In the material below, begin at the line that has "Rich Solar’s 400-Watt", stop after the line that has "Discover the perfect", and transcribe those lines exactly, without pictures.

RECORDS FOR THIS TASK below:

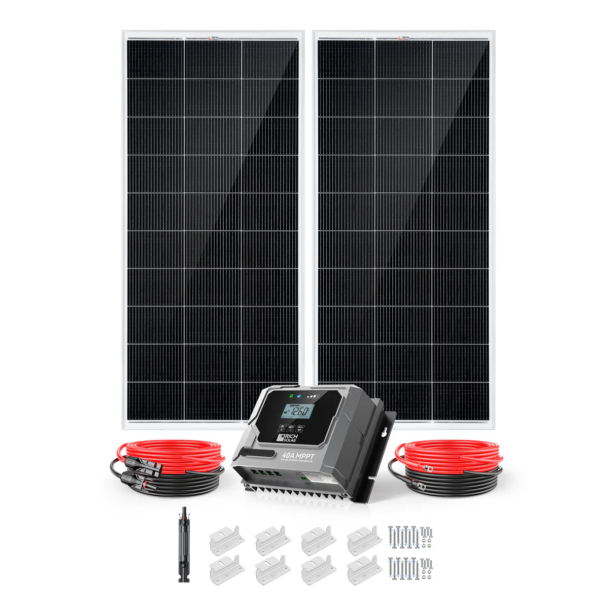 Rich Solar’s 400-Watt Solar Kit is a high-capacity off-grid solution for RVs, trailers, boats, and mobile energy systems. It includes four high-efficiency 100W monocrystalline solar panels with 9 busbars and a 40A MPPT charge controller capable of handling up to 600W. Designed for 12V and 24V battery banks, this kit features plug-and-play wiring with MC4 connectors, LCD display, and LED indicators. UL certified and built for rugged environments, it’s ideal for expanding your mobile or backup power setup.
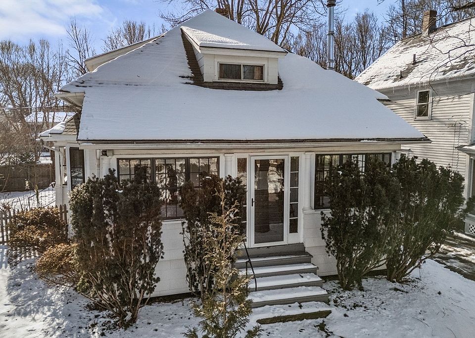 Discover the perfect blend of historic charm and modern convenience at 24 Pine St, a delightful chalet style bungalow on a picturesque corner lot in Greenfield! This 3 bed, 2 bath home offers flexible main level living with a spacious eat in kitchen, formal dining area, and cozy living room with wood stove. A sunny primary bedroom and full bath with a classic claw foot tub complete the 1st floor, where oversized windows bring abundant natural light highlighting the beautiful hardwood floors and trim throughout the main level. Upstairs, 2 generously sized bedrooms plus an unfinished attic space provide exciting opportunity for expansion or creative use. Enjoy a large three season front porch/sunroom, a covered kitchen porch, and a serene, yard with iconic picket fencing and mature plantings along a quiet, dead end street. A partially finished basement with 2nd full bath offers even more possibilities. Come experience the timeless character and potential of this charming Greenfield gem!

End of RECORDS FOR THIS TASK.
RECORDS FOR THIS TASK below:

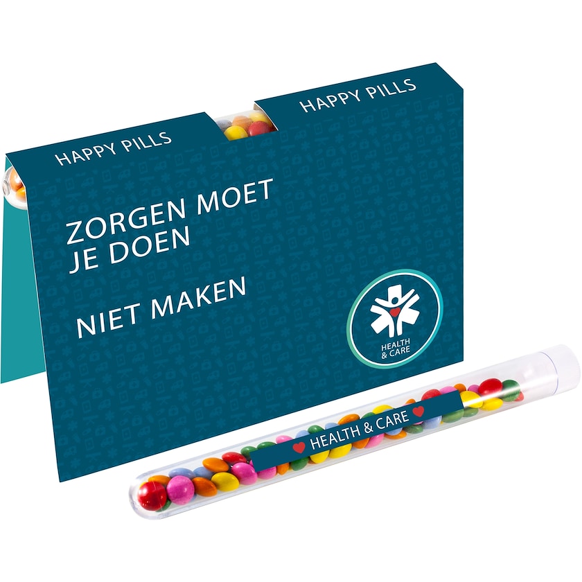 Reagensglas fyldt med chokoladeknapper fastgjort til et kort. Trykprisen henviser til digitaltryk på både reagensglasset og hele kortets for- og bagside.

End of RECORDS FOR THIS TASK.

• [EXERCISE ANSWER]:
 Rich Solar’s 400-Watt Solar Kit is a high-capacity off-grid solution for RVs, trailers, boats, and mobile energy systems. It includes four high-efficiency 100W monocrystalline solar panels with 9 busbars and a 40A MPPT charge controller capable of handling up to 600W. Designed for 12V and 24V battery banks, this kit features plug-and-play wiring with MC4 connectors, LCD display, and LED indicators. UL certified and built for rugged environments, it’s ideal for expanding your mobile or backup power setup.
 Discover the perfect blend of historic charm and modern convenience at 24 Pine St, a delightful chalet style bungalow on a picturesque corner lot in Greenfield! This 3 bed, 2 bath home offers flexible main level living with a spacious eat in kitchen, formal dining area, and cozy living room with wood stove. A sunny primary bedroom and full bath with a classic claw foot tub complete the 1st floor, where oversized windows bring abundant natural light highlighting the beautiful hardwood floors and trim throughout the main level. Upstairs, 2 generously sized bedrooms plus an unfinished attic space provide exciting opportunity for expansion or creative use. Enjoy a large three season front porch/sunroom, a covered kitchen porch, and a serene, yard with iconic picket fencing and mature plantings along a quiet, dead end street. A partially finished basement with 2nd full bath offers even more possibilities. Come experience the timeless character and potential of this charming Greenfield gem!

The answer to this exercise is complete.